Key Experimental Results¶

Main Results¶

Method	Overall SR↑	CR↓	PER↑
RT-1	24.3	65.1	61.1
RT-2	41.9	26.0	73.7
OpenVLA	44.0	24.5	75.1
AutoFly	47.9	21.9	77.3

Sim-to-Real in Real Environments¶

Scene	Sim:Real Ratio	SR	CR	PER
Indoor	0K:1K	10	40	61.1
Indoor	10K:1K	60	30	76.5
Outdoor	10K:1K	55	35	75.1

Key Findings¶

The pseudo-depth encoder contributes a 3.9% SR improvement and 2.6% CR reduction over depth-free OpenVLA, with pronounced advantages in dense obstacle environments.
The Siamese projector outperforms both the non-Siamese variant and direct depth fusion, confirming that parameter sharing enforces consistent feature mapping.
The 5% SR gap between indoor (60%) and outdoor (55%) real-world results indicates reasonable environmental adaptability.
Increasing simulation data volume consistently improves real-world performance (10→25→60% SR), validating the large-scale simulation plus limited real-data strategy.
Trajectory rebalancing is critical for training—KL divergence for obstacle avoidance behavior is approximately 0.36, and imbalance leads to learning bias.

Highlights & Insights¶

Paradigm shift from instruction following to autonomous navigation: Existing UAV VLN research focuses on step-by-step flight; this work is the first systematic study of coarse-grained goal-directed autonomous navigation, which more closely reflects real operational needs.
Pseudo-depth as an elegant engineering choice: Replacing depth cameras with Depth Anything V2 simultaneously eliminates the sim-to-real gap and reduces hardware dependency.
General applicability of the trajectory rebalancing strategy: Behavioral distribution imbalance in long-horizon control tasks is a pervasive problem; the phase-based rebalancing approach is transferable to other settings.
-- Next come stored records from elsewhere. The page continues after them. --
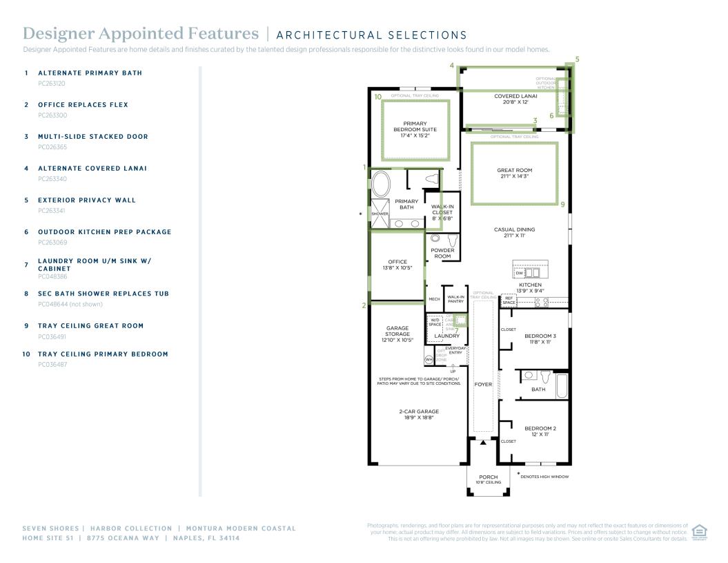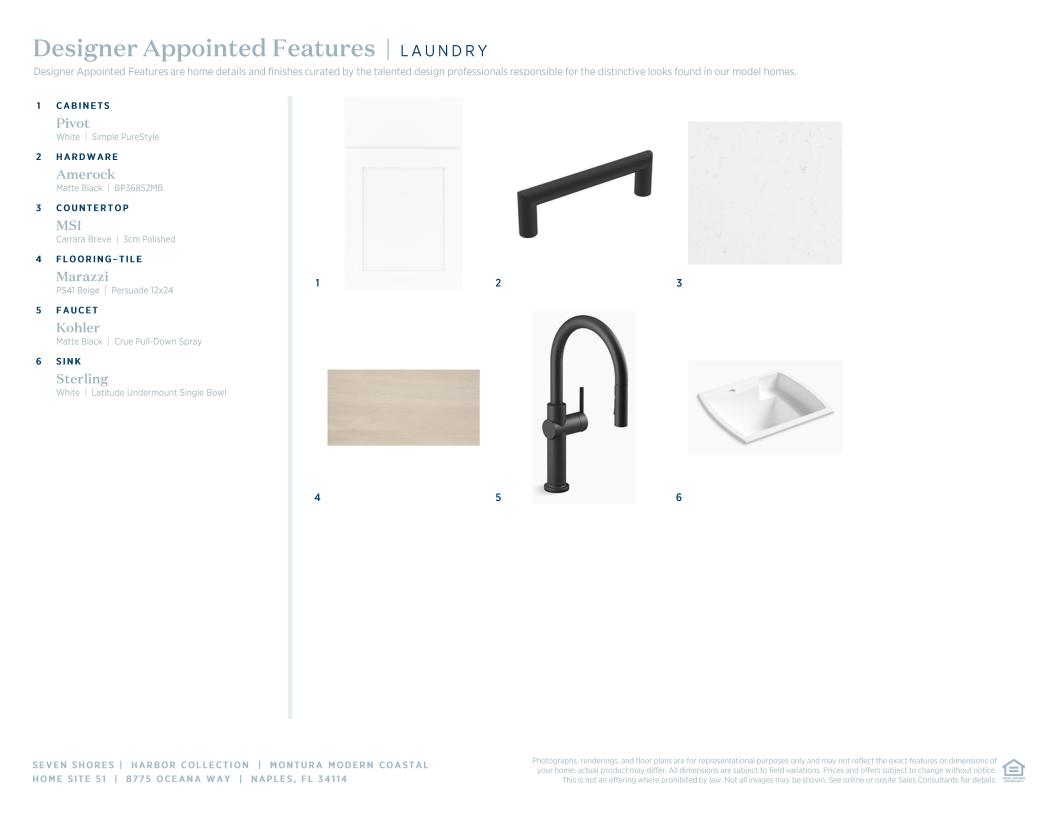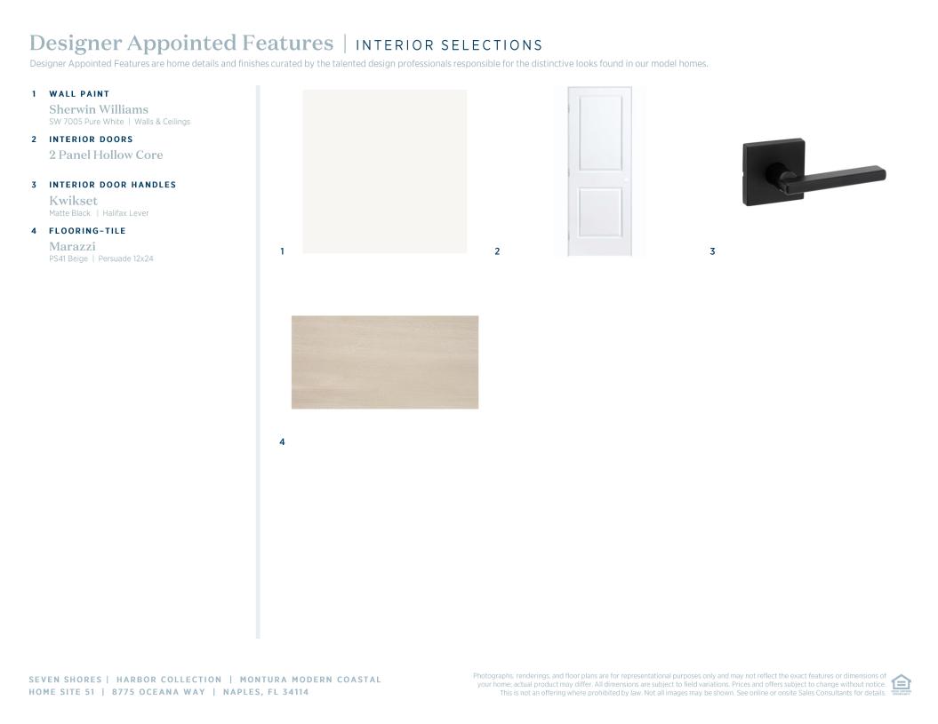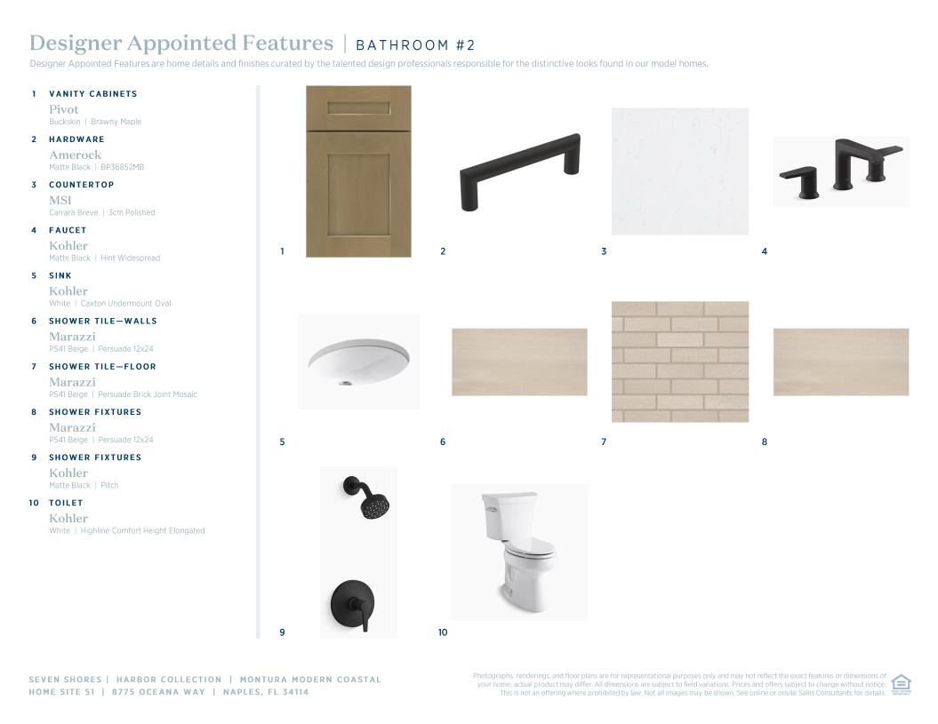 The Montura Modern Coastal blends luxury and style, featuring a spacious foyer that leads into a stunning great room with views of the large covered lanai. The open kitchen boasts ample counter space, a walk-in pantry, and a central island with a breakfast bar. The elegant primary suite offers a tray ceiling, a walk-in closet, and a spa-like bath with dual sinks, a large shower, and a private water closet. Secondary bedrooms are conveniently located off the foyer, offering ample closets and a shared hall bath. A secluded flex room is also featured in the Montura, creating a space for versatile living.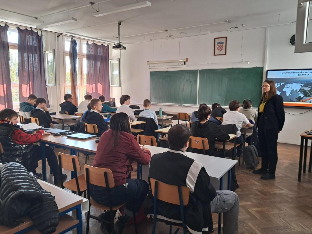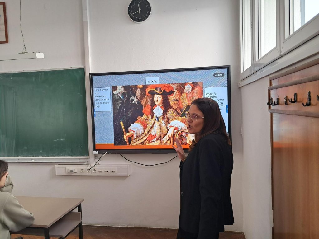 Dan smo nastavili edukativnim predavanjem o očuvanju hrvatske kulturne baštine, s posebnim naglaskom na kravatu koje je pripremila naša nastavnica povijesti.
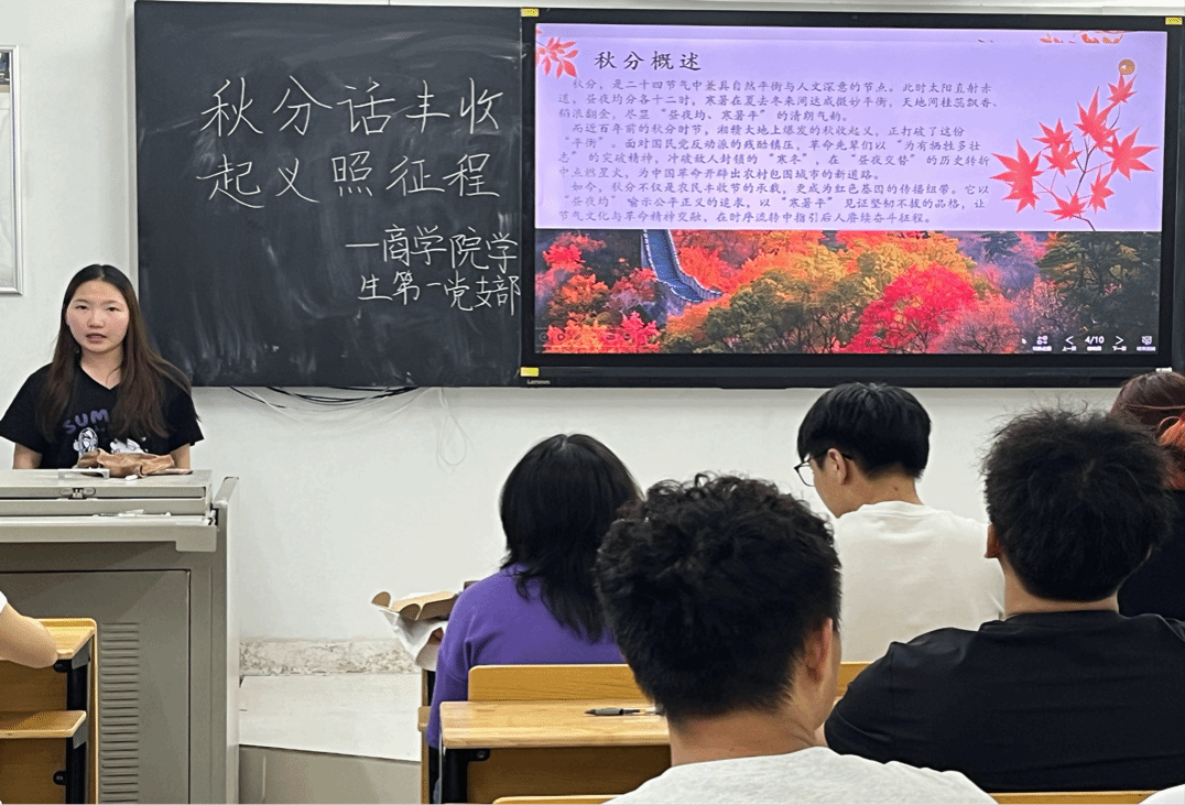 为传承中华优秀节气文化,深化红色革命历史教育,引导青年同志在自然时序与革命历程的共鸣中坚定理想信念,yl6809永利集团学生第一党支部于 2025 年 9 月 29 日在yl6809永利集团 303 教室,举行以 “秋分话丰收,起义照征程” 为主题的九月特色品牌活动,将节气智慧与红色基因深度融合,为支部同志打造了一场兼具文化底蕴与精神力量的学习盛宴。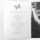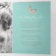 Programa de renovación de seis páginas de bodas o ceremonia de bodas. Edite este programa de bodas con sus propios nombres, fechas, presentación, redacción de la ceremonia, asistentes a la fiesta de bodas, foto de su primer partido o boda restringido, o una foto de su compromiso, y añada sus propias palabras de agradecimiento al dorso. Se ofrecen mariposas verde azuladas, marrones y crema, así como otros productos de boda de colores y opciones de color. Original arte y diseño de mariposa de Sarah Trett para www.mylittleedenweddings.com en Zazzle.
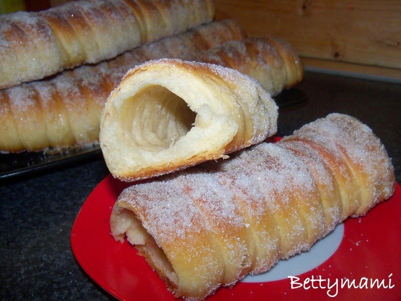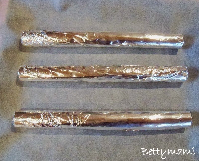 Formának használhatunk különböző megoldásokat, ha nincs speciális kürtös kalács formánk, pl. papírtörlö gurigát, wc papír gurigát, sörös dobozt is…. stb. Én most alufólia-gurigákat használtam.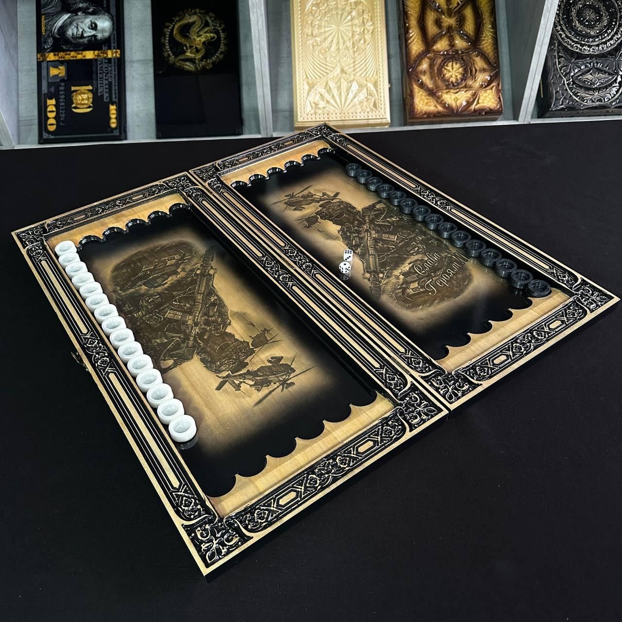 Ручні дерев'яні нарди Тризуб 68×32см патріотичніРучні дерев'яні нарди Тризуб 68×32см патріотичні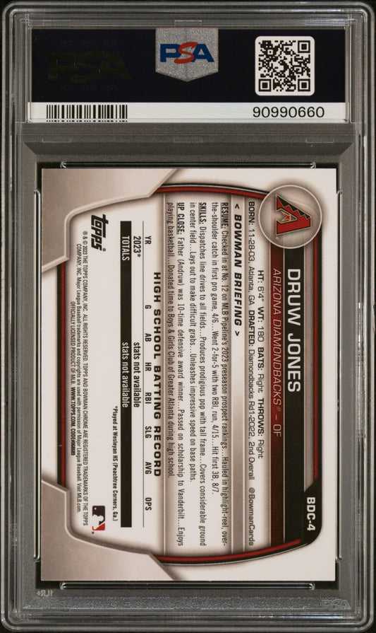 2023 Bowman Draft #BDC4 Druw Jones Chrome-Green Refractor PSA 10 GEM MT 20/99
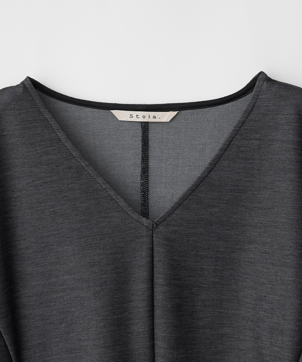 ・1枚でも着やすい適度な深さのVネックで、フェミニンなアイテムにシャープな印象をプラス。

Limitations & Future Work¶

Absolute success rates remain modest (47.9% in simulation, 55–60% in real environments), leaving a considerable gap to practical deployment.
The action space is limited to 3-DOF (linear velocity), with no handling of attitude angle control.
The dataset scale is relatively small (13K trajectories vs. OpenFly's 100K), and language instructions are brief (avg. 12 words).
The depth encoder depends on the quality of Depth Anything V2; depth estimation may degrade in extreme environments.

vs. OpenVLA: AutoFly augments OpenVLA with a pseudo-depth encoder and a navigation-specific dataset, achieving consistent improvements across all metrics.
vs. AerialVLN/OpenUAV: These datasets emphasize instruction following, with average instructions of 83–104 words; the AutoFly dataset uses only 12 words on average, better reflecting coarse-grained real-world guidance.
vs. training-free methods (VLM zero-shot): No fine-tuning is required, but these approaches lack the high-frequency reactive control needed in dense obstacle environments.

Rating¶

Novelty: ⭐⭐⭐⭐ The autonomous navigation paradigm and pseudo-depth design are original contributions.
Experimental Thoroughness: ⭐⭐⭐⭐ Covers simulation and real environments with extensive ablations, though absolute performance remains limited.
Writing Quality: ⭐⭐⭐⭐ Clear structure with detailed dataset description.
Value: ⭐⭐⭐⭐ An important exploration in the direction of UAV autonomous navigation.